Other components include the session servers that maintain the user’s session information. We’ll manage document access privileges through the session servers. Essentially, there will also be configuration, monitoring, pub-sub, and logging services that will handle tasks like monitoring and electing leaders in case of server failures, queueing tasks like user notifications, and logging debugging information.

Fig 1.0: A detailed design of the collaborative document editing service

Workflow

Collaborative editing and conflict resolution: Each request gets forwarded to the operations queue. This is where conflicts get resolved between different collaborators of the same document. If there are no conflicts, the data is batched and stored in the time series database via session servers. Data like videos and images get compressed for storage optimization, while characters are processed right away.
History: It’s possible to recover different versions of the document with the help of a time series database. Different versions can be compared using DIFF operations that compare the versions and identify the differences to recover older versions of the same document.
Asynchronous operations: Notifications, emails, view counts, and comments are asynchronous operations that can be queued through a pub-sub component like Kafka. The API gateway generates these requests and forwards them to the pub-sub module
Suggestions: Suggestions are in the form of the typeahead service that offers autocomplete suggestions for typically used words and phrases. The typeahead service can also extract attributes and keywords from within the document and provide suggestions to the user. Since the number of words can be high, we’ll use a NoSQL database for this purpose. In addition, most frequently used words and phrases will be stored in a caching system like Redis
Import and export documents: The application servers perform a number of important tasks, including importing and exporting documents. Application servers also convert documents from one format to another. For example, a .doc or .docx document can be converted in to .pdf or vice versa. Application servers are also responsible for feature extraction for the typeahead service.

Detailed design

Document editor

A document is a composition of characters in a specific order. Each character has a value and a positional index.

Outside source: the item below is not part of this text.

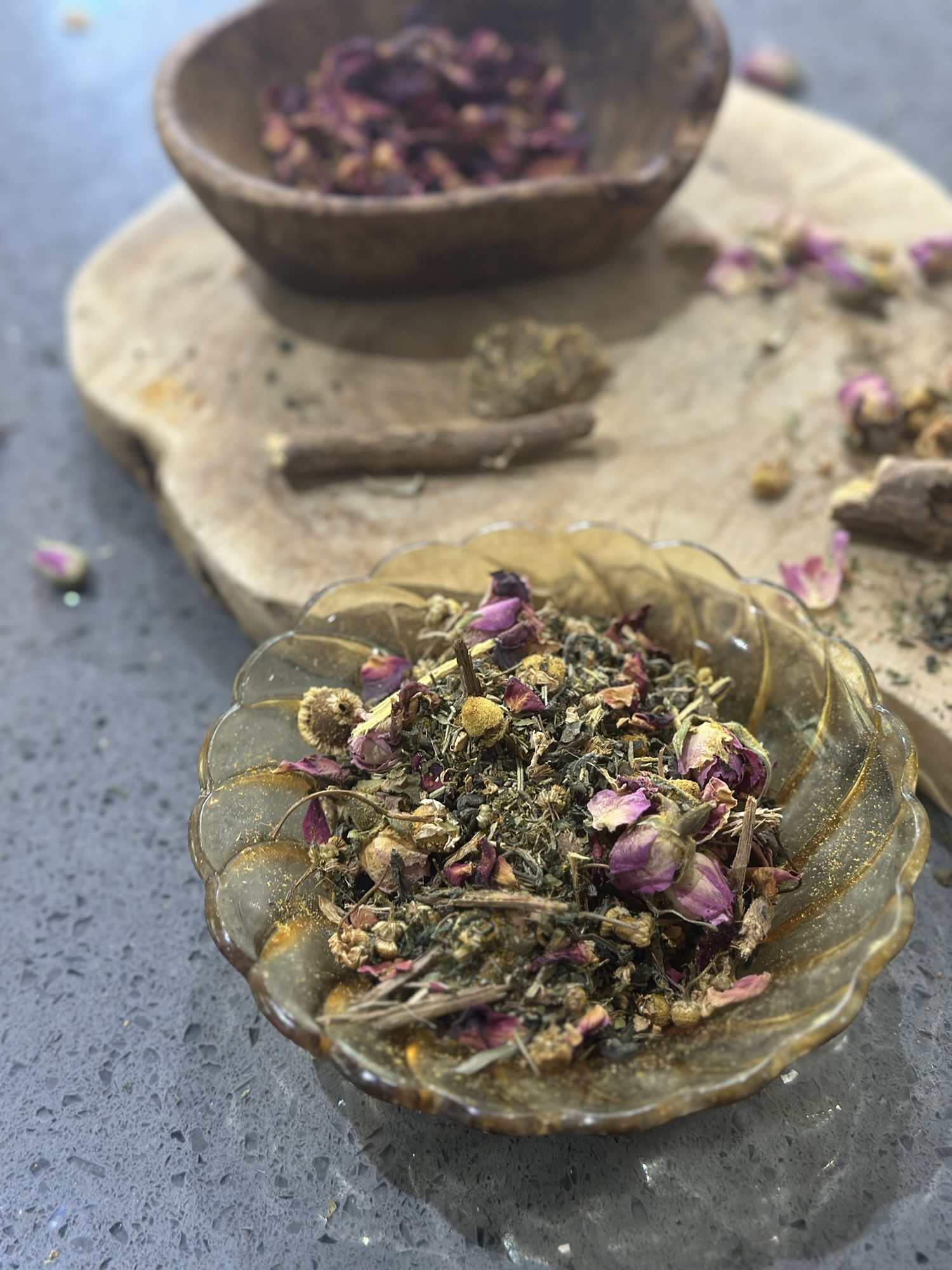 I used equal parts of all the herbs and flowers.

The character can be a letter, a number, an enter (
), or a space. An index represents the character’s position within the ordered list of characters.

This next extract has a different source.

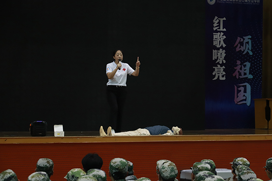 紅十字救護員老師們向同學們介紹了心搏驟停的表現,如何判斷是否喪失意識、有無自主呼吸、有無脈搏,幫助大家判斷應急救護的正確時機,并通過“模擬人”示范胸外按壓、清理口腔異物、開放氣道、人工呼吸等操作要領。講解示范后,學生代表上臺進行現場模擬救護的實操練習,老師們對同學們的操作手法進行了規范指導。

The job of the text or document editor is to perform operations like insert(), delete(), edit(), and more on the characters within the document. A depiction of a document and how the editor will perform these operations is below.

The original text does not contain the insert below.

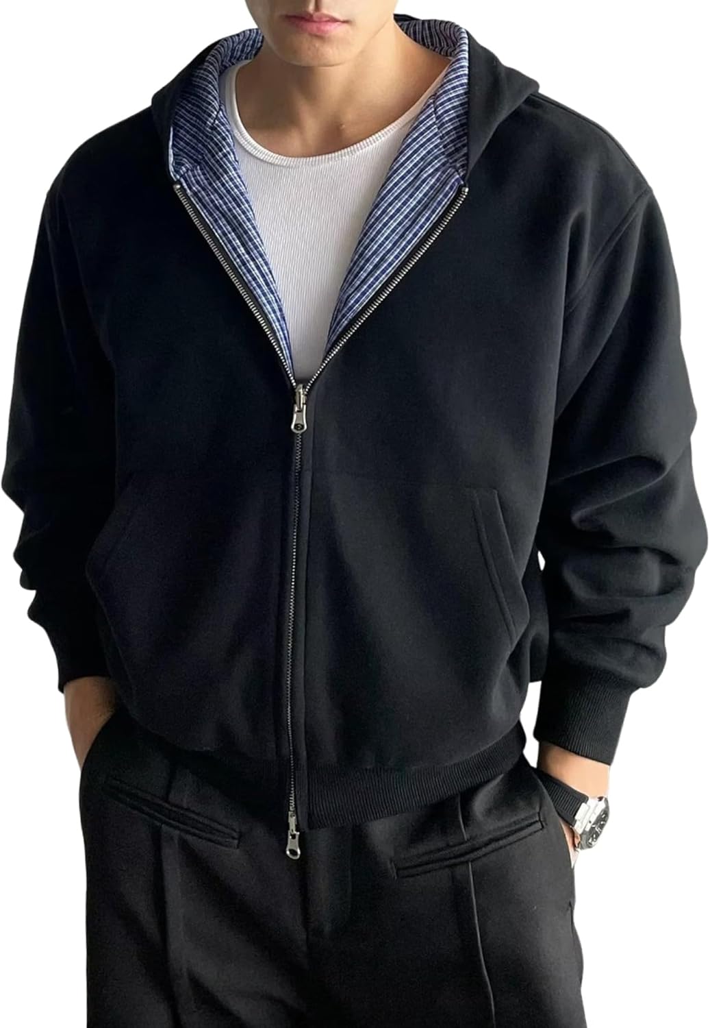 RICHTRUE Y2k Plaid Zip Up Hoodie Men Women Reversible Graphic Sweatshirt Emo Grunge Jacket Fall Winter Baggy Streetwear

Fig 2.0: How a document editor perform various operations

Concurrency

Collaboration on the same document by different users can lead to concurrency issues. Conflicts may arise whenever multiple users edit the same portion of a document. Since users have a local copy of the document, the final status of the document may be different at the server from what the users see at their end. After the server pushes the updated version, users discover the unexpected outcome.

Adding character at the same positional index

Fig 3.0: How two users modifying the same character can lead to concurrency issues

Delete the same character

Fig 4.0: How deleting the same character can lead to unexpected changes

This second example shows that different users applying the same operation won’t be idempotent. So, conflict resolution is necessary where multiple collaborators are editing the same portion of the document at the same time.

Solution to concurrency issues in collaborative editing should respect two rules:

Commutativity: The order of applied operations shouldn’t affect the end result.
Idempotency: Similar operations that have been repeated should apply only once.

Techniques for conflict resolution

Operational transformation(OT)

Operational transformation (OT) is a technique that’s widely used for conflict resolution in collaborative editing. It’s a lock-free and non-blocking approach for conflict resolution. If operations between collaborators conflict, OT resolves conflicts and pushes the correct converged state to end users. As a result, OT provides consistency for users.

OT performs operations using the positional index method to resolve conflicts, such as the ones we discussed above. OT resolves the problems above by holding commutativity and idempotency.

Fig 5.0: Operational transformation working example

Collaborative editors based on OT are consistent if they have the following two properties:

Causality preservation: If operation a happened before operation b, then operation a is executed before operation b.
Convergence: All document replicas at different clients will eventually be identical.

The properties above are a part of the CC consistency model, which is a model for consistency maintenance in collaborative editing.

OT has two disadvantages:

Each operation to characters may require changes to the positional index. This means that operations are order dependent on each other.
It’s challenging to develop and implement.

Operational transformation is a set of complex algorithms, and its correct implementation has proved challenging for real-world applications. For example, the Google Wave team took two years to implement an OT algorithm.

Conflict-free Replicated Data Type (CRDT)

The Conflict-free Replicated Data Type (CRDT) was developed in an effort to improve OT. A CRDT has a complex data structure but a simplified algorithm.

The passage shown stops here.